What attaches to the bacteria and injects the hereditary material?

A bacteriophage. A virus that lands on the bacteria and injects the genetic material. Often, T even phages. ( T-2 and T-4 phages )


When phage attaches to a bacteria the phage injects what?

DNA single


A bacteriophage typically attaches to the bacterium and then?

injects its genetic material into the bacterium, taking over the bacterium's cellular machinery to replicate itself. Once the replication process is complete, the bacteriophage releases new viral particles, causing the bacterium to burst open and die.


What does a phage inject when it attaches to a bacterium?

A phage injects its genetic material (DNA or RNA) into the bacterium when it attaches to it. This genetic material then hijacks the bacterium's machinery to replicate itself, eventually leading to the destruction of the bacterium.


The bacteriophage attaches to the bacterium's?

cell wall using its tail fibers and injects its genetic material into the bacterium. This genetic material then takes over the bacterium's machinery to replicate more phages.

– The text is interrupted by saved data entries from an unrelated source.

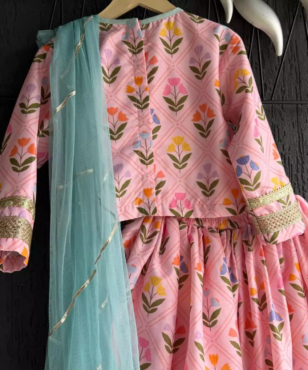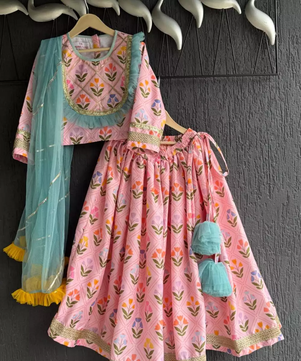 The Pink Printed Cotton Silk Lehenga Features A Soft, Luxurious Blend Of Cotton And Silk With Elegant Ethnic Prints. Its Lightweight, Flared Silhouette Offers Comfort And Graceful Movement. Perfect For Festive Occasions, Weddings, And Celebrations, This Lehenga Combines Vibrant Style With Effortless Wearability, Making It A Beautiful Choice For Any Special Event.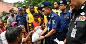 বানভাসি মানুষের মাঝে ত্রাণ বিতরণ করলেন আইজিপি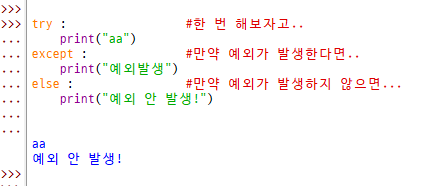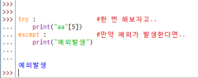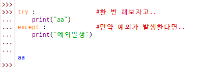 except : 만약 예외가 발생하면 어떻게 할지 작성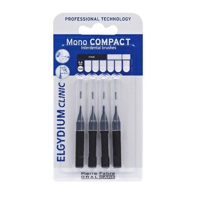 Елгидиум от серията Моно Компакт е интердентална четка за поддържане на орална хигиена между зъбите. Тя има фини влакна, които почистват деликатно интерденталните пространства, премахват остатъците от храна и предпазват от натрупване на плака. С компактен дизайн и удобна дръжка за оптимален комфорт при употреба. Размер 0,6 мм. Предлага се в опаковка от 4 броя.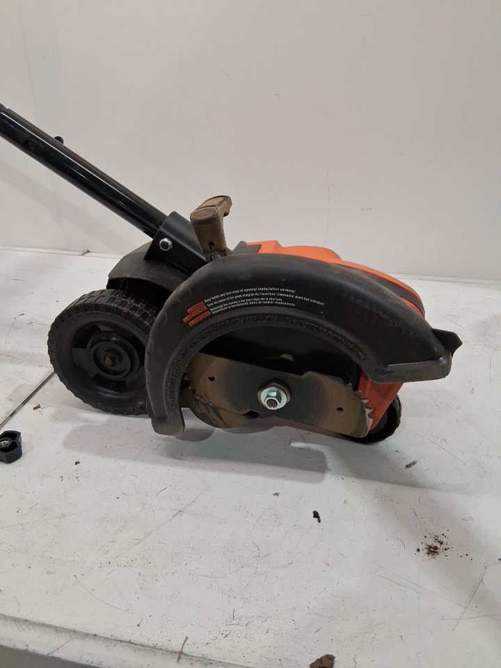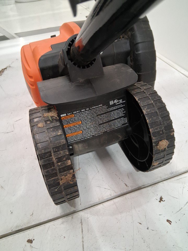 The product is covered in mud and dust from previous use especially the blade and the wheels of the product. Product was tested for power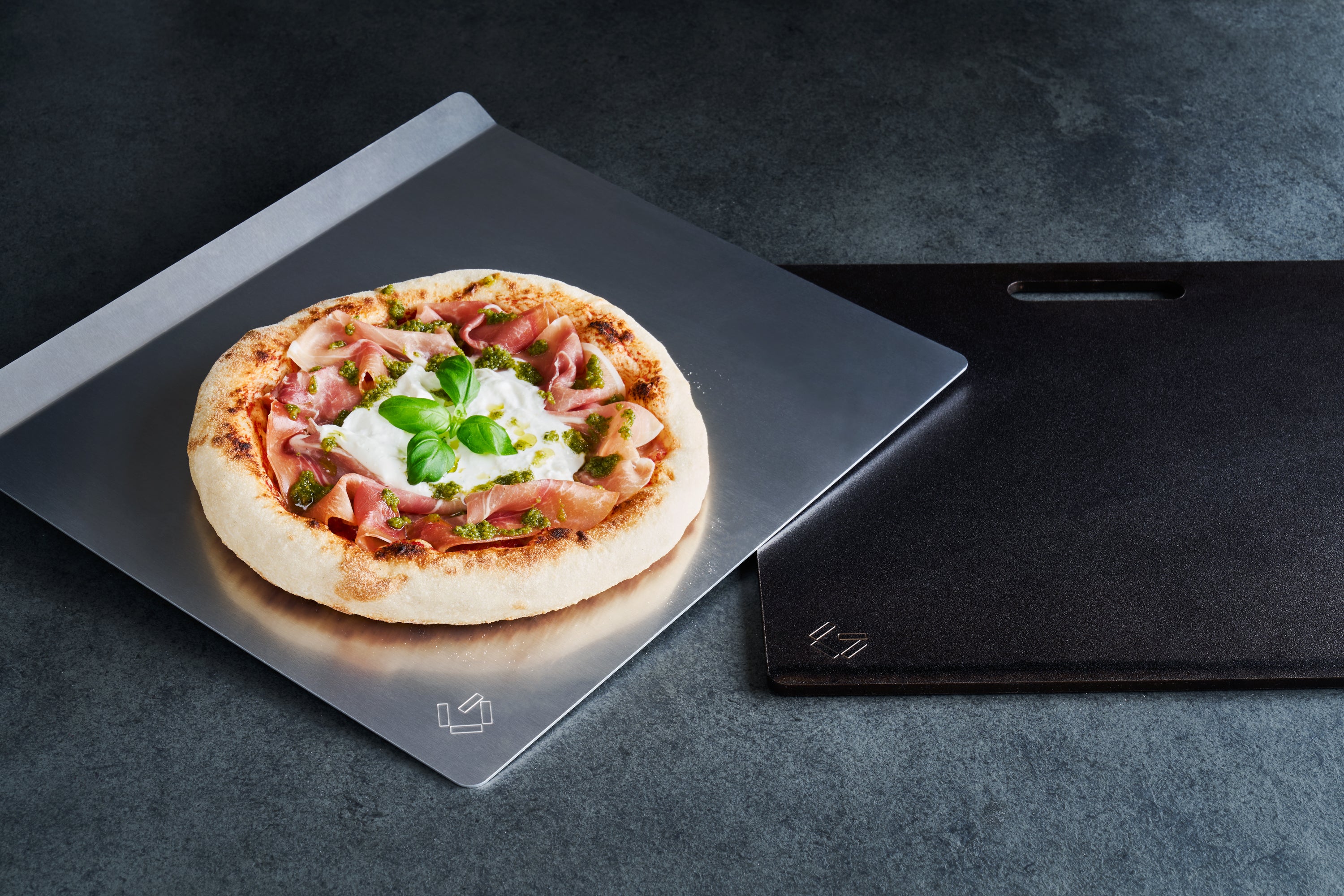 The baking steel is made of 6 mm Swedish carbon steel, laser-cut and sandblasted. At the workshop in Småland, it is sprayed with vegetable oils and seasoned in a vertical oven. This allows you to use the baking steel right away - unlike other baking steels on the market.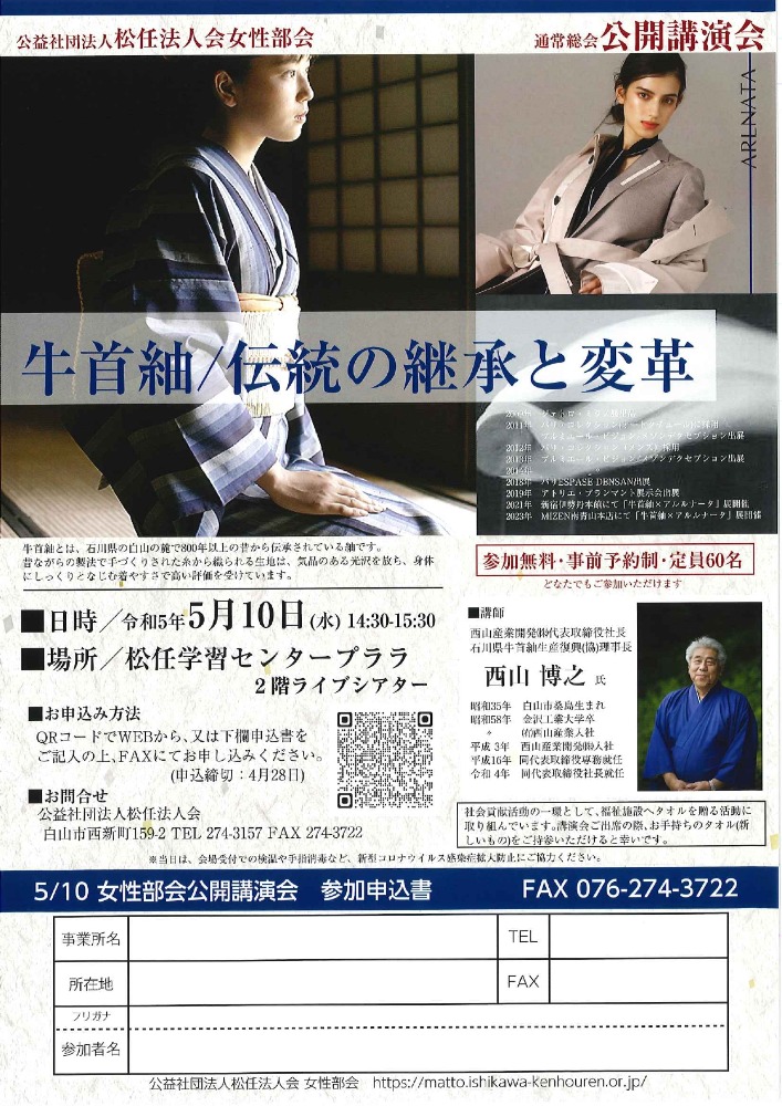 2023.5.10 (水) 14:30~15:30 無料 【西山博之氏】女性部会通常総会・公開講演会 詳細ダウンロード 【女性部会】公開講演会(R5.5.10).pdf お申込参加ご希望の方は下記の『申込フォーム』よりお申込み下さい。定員 60名【申込締切:4月28日(金)】 申込フォーム もどる

What viruses are caused by bacteria?

it depends on the type of DNA the virus injects into the bacteria


What is the pathogen attacks specific cells and injects genetic materials?

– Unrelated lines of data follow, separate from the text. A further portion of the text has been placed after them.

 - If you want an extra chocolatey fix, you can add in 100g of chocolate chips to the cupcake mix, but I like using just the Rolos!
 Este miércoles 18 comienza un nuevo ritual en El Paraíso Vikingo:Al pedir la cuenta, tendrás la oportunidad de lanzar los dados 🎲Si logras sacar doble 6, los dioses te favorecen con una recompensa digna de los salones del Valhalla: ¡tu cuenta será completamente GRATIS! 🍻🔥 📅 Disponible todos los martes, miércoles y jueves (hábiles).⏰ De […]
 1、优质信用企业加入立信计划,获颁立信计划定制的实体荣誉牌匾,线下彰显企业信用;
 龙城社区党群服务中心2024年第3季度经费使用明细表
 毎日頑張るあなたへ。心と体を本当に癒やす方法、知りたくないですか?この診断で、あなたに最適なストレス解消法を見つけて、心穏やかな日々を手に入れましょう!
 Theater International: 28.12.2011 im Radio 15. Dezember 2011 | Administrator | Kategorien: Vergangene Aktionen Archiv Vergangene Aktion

Viruses attach specific cells and inject genetic material. There are viruses called bacteriophages that infect bacteria be injecting their genetic material into the bacterial host and invading their protein machinery. With animal viruses that infect animal cells (much larger than bacteria), the virus either injects genetic material OR gets into the cell whole before it begins to unleash its pathogenic effects


What type of virus invades bacteria?

A bacteriophage is a virus that infects and replicates within bacteria. It injects its genetic material into the bacterial cell, taking over the cell's machinery to produce new phages.


When a phage attaches to a bacterium what does the phage inject and what stays attached to the cell?

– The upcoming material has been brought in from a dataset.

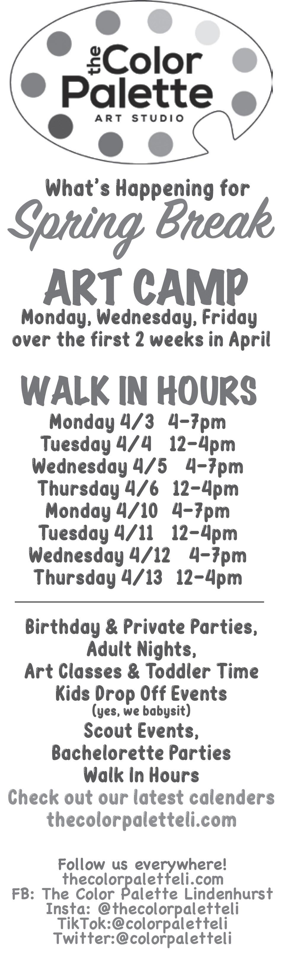 4 BABYLON SOUTH BAY’S NEIGHBOR NEWSPAPERS WEDNESDAY, APRIL 5, 2023 • WWW.LONGISLANDMEDIAGROUP.COM ONLY $2395 Pick Up Or Free Delivery + Tax With Coupon Only. Must Mention Coupon When Ordering. Cannot be Combined. Expires 4/12/23 Plus 2 Liter Soda OVER STUFFED HOT HEROES Choose Any 2: Potato & Eggs Hero Meatball Parm Hero Sausage Parm Hero Chicken Parm Hero Sausage & Peppers Hero Eggplant Parm Hero e Original - Brick Oven of Lindenhurst FREE DELIVERY $15 MINIMUM 51A West Hoffman Ave. (Corner South 2nd Street) (631) 225-4444 TRY OUR 2ND SPICESTREET PIZZA! 410023N040523 Since 1959 ONLY $1795 + Tax With Coupon Only. Must Mention Coupon When Ordering. Cannot be Combined. Expires 4/12/23 WOW SUPER SPECIAL 18” XTRA LARGE PIE Pick Up Only COMPLETE FAMILY TABLE Choose Any 2 Dinners Served With 12 Garlic Knots, 2 House Salads, 2 Desserts (Chocolate Pudding Or Rice Pudding) Choices: Baked Ziti Penne Ala Vodka Baked Lasagna Baked Ravioli Penne Carbonara Spaghetti & Meatballs ONLY $2995 Pick Up Or Free Delivery + Tax With Coupon Only. Must Mention Coupon When Ordering. Cannot be Combined. Expires 4/12/23 Family That Eats Together Stays Together BACK BY POPULAR DEMAND LIMITED TIME FOR LENT SPASSO’S FAMOUS BAKED CLAM PIZZA 2 TEN INCH PERSONAL BAKED CLAM PIZZAS 2 LITER SODA $2999 +TAX With Coupon Only. Must Mention Coupon When Ordering. Cannot be Combined. Expires 4/12/23 2 Jumbo Shrimp Parmigiana Heroes On Garlic Bread 2 Liter Soda Tray of Jumbo Shrimp Parmigiana (Feeds4-5 People) 12 Garlic Knots 2 Liter Soda 18” Extra Large Pizza Loaded With Mixed Garden Fresh Vegetables & Smothered In Extra Cheese +6 Garlic Knots + 2 Liter Soda ONLY ONLY ONLY $2895 $2795 $3695 Pick Up Or Free Delivery + Tax + Tax + Tax With Coupon Only. Must Mention Coupon When Ordering. Cannot be Combined. Expires 4/12/23 With Coupon Only. Must Mention Coupon When Ordering. Cannot be Combined. Expires 4/12/23 With Coupon Only. Must Mention Coupon When Ordering. Cannot be Combined. Expires 4/12/23 VEGETABLE PIZZA LENTEN HERO SPECIAL LENTEN PLATTER Spasso’s Garden Fresh IT’S BACK FOR LENT! Limited Time Only! Reliable, Honest & Quality, Professional Service That You Can Trust. Benefits of Air Duct Cleaning • Reduce Health Risks • Cleaner Air • Reduce Odors • Energy Cost Savings • Extended Furnace Life • Prevent Fires ECOPROVENT INC. 516-862-8265 Free phone estimate. Licensed and Insured. Residential & Commercial Schedule Your Cleaning Today! 10% SENIOR DISCOUNT 409523N040523 DRYER DUCT CLEANING SPECIAL We Power brush and HEPA vacuum the entire length of every duct line per single zone system. Cannot be combined with other offers. Coupon must be present at a time of sale. Expires 5/3/23 AIR DUCT CLEANING & DISINFECTING UNLIMITED VENTS/RETURNS Cannot be combined with other offers. Coupon must be present at a time of sale. Expires 5/3/23 SPRING SPECIAL $ 269 only $ 119 THIS WEEK ONLY FREE Dryer Vent Cleaning With Any Air Duct Cleaning Expires 4/12/23 CLEAN THE AIR YOU BREATHE OVER 40 YEARS EXPERIENCE NEAT, RESPONSIBLE & AFFORDABLE PAINTING INTERIOR / EXTERIOR Aluminum Siding Re nishing Water Damage / Mold Removal Sheet Rock / Taping / Spackle Carpentry / Skim Coating DAVE’S PAINTING Office: 516.334.3207 • Cell: 516.860.8041 Closet Painting With 3 Or More Rooms See Our Website For Portfolio & Testimonials Licensed Insured www.DavesPaintingNY.com FREE FREE QUOTES 409526N040523

When a phage attaches to a bacterium, it injects its genetic material (DNA or RNA) into the cell. The phage capsid (outer protein coat) typically stays attached to the cell surface during this process.


How does a virus sustain life in its host?

First things first a virus is not living. The virus injects its Genetic material (G.M. for short) and and makes the bacteria make more viruses.


What are the four steps an active virus takes to reproduce itself in a bacterial cell?

Attachment: The virus attaches to the surface of the bacterial cell. Entry: The virus injects its genetic material into the bacterial cell. Replication: The viral genetic material replicates using the host's cellular machinery. Release: The newly formed virus particles are released from the bacterial cell to infect other cells.